Retype the whole listing exactly. Leave out pictures.

RECORDED DATA »

== Segment start ==

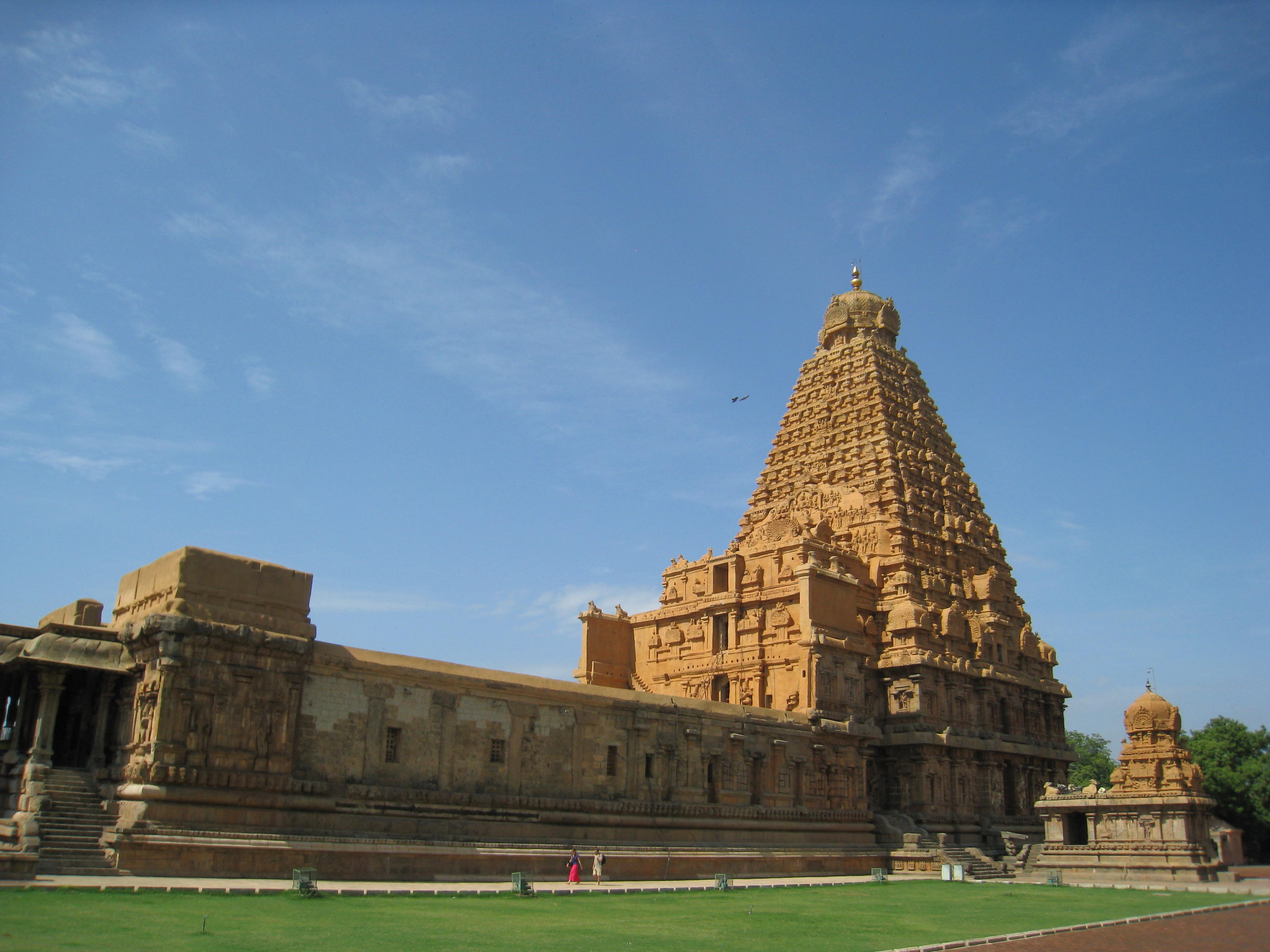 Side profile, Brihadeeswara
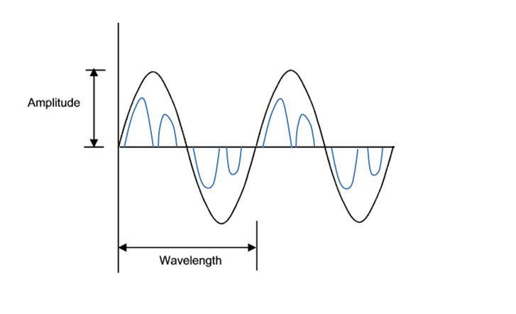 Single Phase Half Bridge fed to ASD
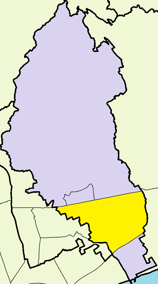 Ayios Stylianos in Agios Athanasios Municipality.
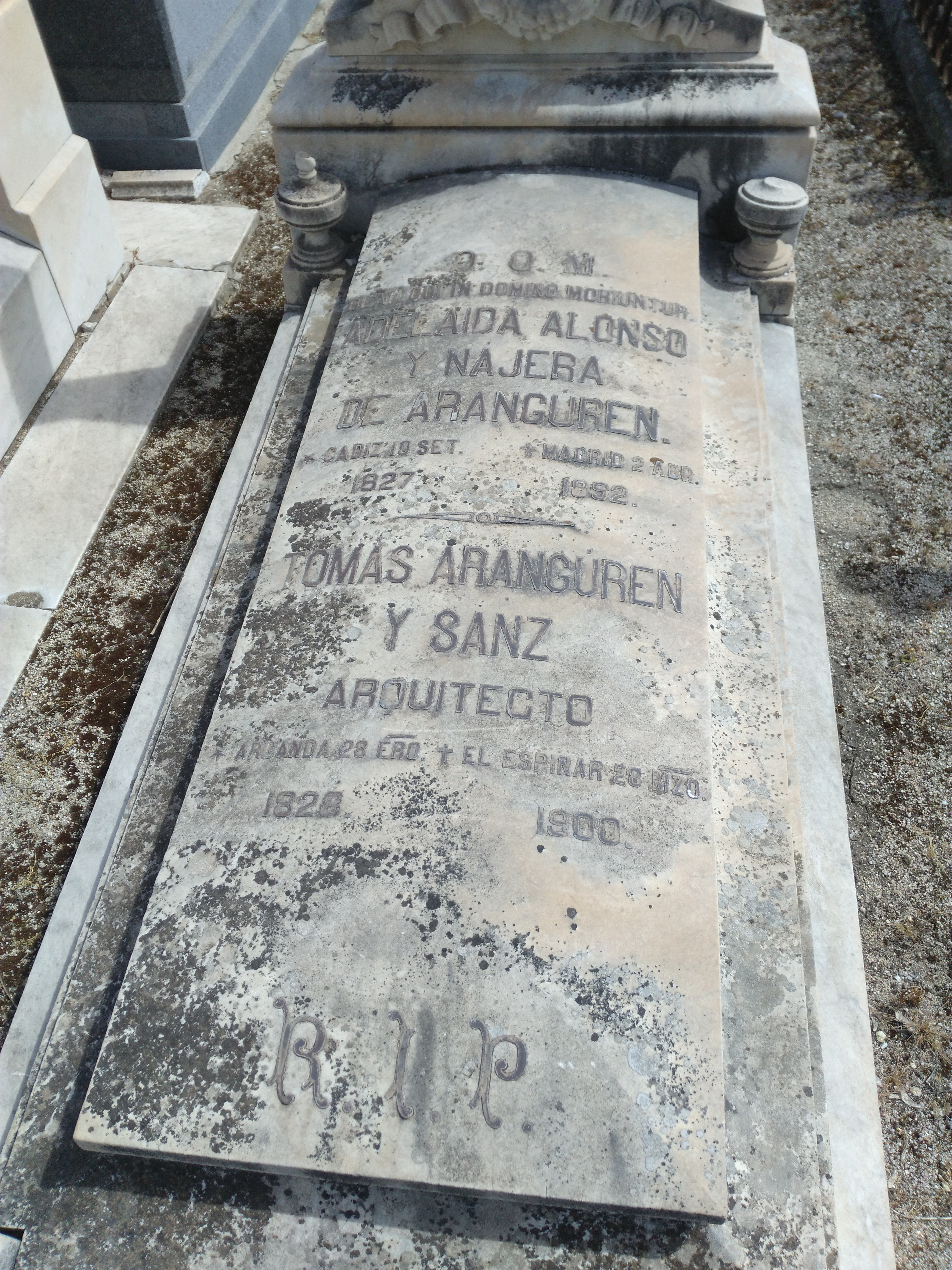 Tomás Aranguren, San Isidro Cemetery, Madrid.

== Segment end ==

YOUR RESPONSE »
 Side profile, Brihadeeswara
 Single Phase Half Bridge fed to ASD
 Ayios Stylianos in Agios Athanasios Municipality.
 Tomás Aranguren, San Isidro Cemetery, Madrid.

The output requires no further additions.